Yes, it should be ARMv7. However still this should be fixed for both
architectures.
>
> > [ 31.113925] ===============================
> > [ 31.113928] [ INFO: suspicious RCU usage. ]
> > [ 31.113935] 3.19.0-rc7-next-20150203 #1914 Not tainted
> > [ 31.113938] -------------------------------
> > [ 31.113943] kernel/sched/fair.c:4740 suspicious rcu_dereference_check() usage!
> > [ 31.113946]
> > [ 31.113946] other info that might help us debug this:
> > [ 31.113946]
> > [ 31.113952]
> > [ 31.113952] RCU used illegally from offline CPU!
> > [ 31.113952] rcu_scheduler_active = 1, debug_locks = 0
> > [ 31.113957] 3 locks held by swapper/1/0:
> > [ 31.113988] #0: ((cpu_died).wait.lock){......}, at: [<c005a114>] complete+0x14/0x44
> > [ 31.114012] #1: (&p->pi_lock){-.-.-.}, at: [<c004a790>] try_to_wake_up+0x28/0x300
> > [ 31.114035] #2: (rcu_read_lock){......}, at: [<c004f1b8>] select_task_rq_fair+0x5c/0xa04
> > [ 31.114038]
> > [ 31.114038] stack backtrace:
> > [ 31.114046] CPU: 1 PID: 0 Comm: swapper/1 Not tainted 3.19.0-rc7-next-20150203 #1914
> > [ 31.114050] Hardware name: SAMSUNG EXYNOS (Flattened Device Tree)
> > [ 31.114076] [<c0014ce4>] (unwind_backtrace) from [<c0011c30>] (show_stack+0x10/0x14)
> > [ 31.114091] [<c0011c30>] (show_stack) from [<c04dc048>] (dump_stack+0x70/0xbc)
> > [ 31.114105] [<c04dc048>] (dump_stack) from [<c004f83c>] (select_task_rq_fair+0x6e0/0xa04)
> > [ 31.114118] [<c004f83c>] (select_task_rq_fair) from [<c004a83c>] (try_to_wake_up+0xd4/0x300)

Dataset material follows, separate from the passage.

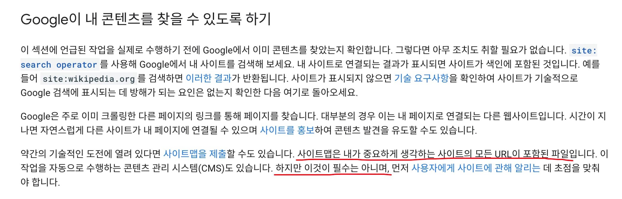 물론 내 사이트가 유명하지 않아서 크롤러가 접근할 진입점이 많지 않다던가 하는 이유로 페이지가 존재한다는 것을 선제적으로 알려주는 것이 좋은 옵션이라서 sitemap 작업을 할 뿐이죠.
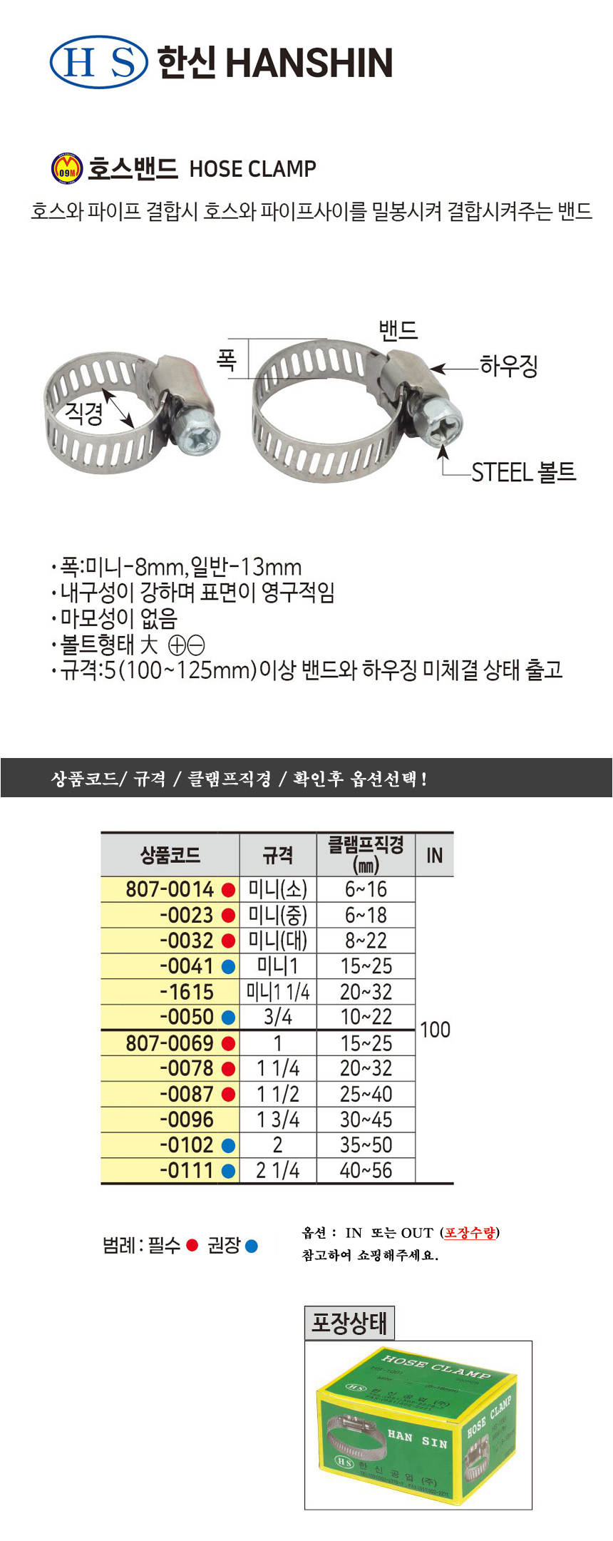 한신 호스밴드(SUS304) 5 (100-125mm), 7 (150-175mm) 규격선택 볼트형태

> > [ 31.114129] [<c004a83c>] (try_to_wake_up) from [<c00598a0>] (__wake_up_common+0x4c/0x80)
> > [ 31.114140] [<c00598a0>] (__wake_up_common) from [<c00598e8>] (__wake_up_locked+0x14/0x1c)
> > [ 31.114150] [<c00598e8>] (__wake_up_locked) from [<c005a134>] (complete+0x34/0x44)
> > [ 31.114167] [<c005a134>] (complete) from [<c04d6ca4>] (cpu_die+0x24/0x84)
> > [ 31.114179] [<c04d6ca4>] (cpu_die) from [<c005a508>] (cpu_startup_entry+0x328/0x358)
> > [ 31.114189] [<c005a508>] (cpu_startup_entry) from [<40008784>] (0x40008784)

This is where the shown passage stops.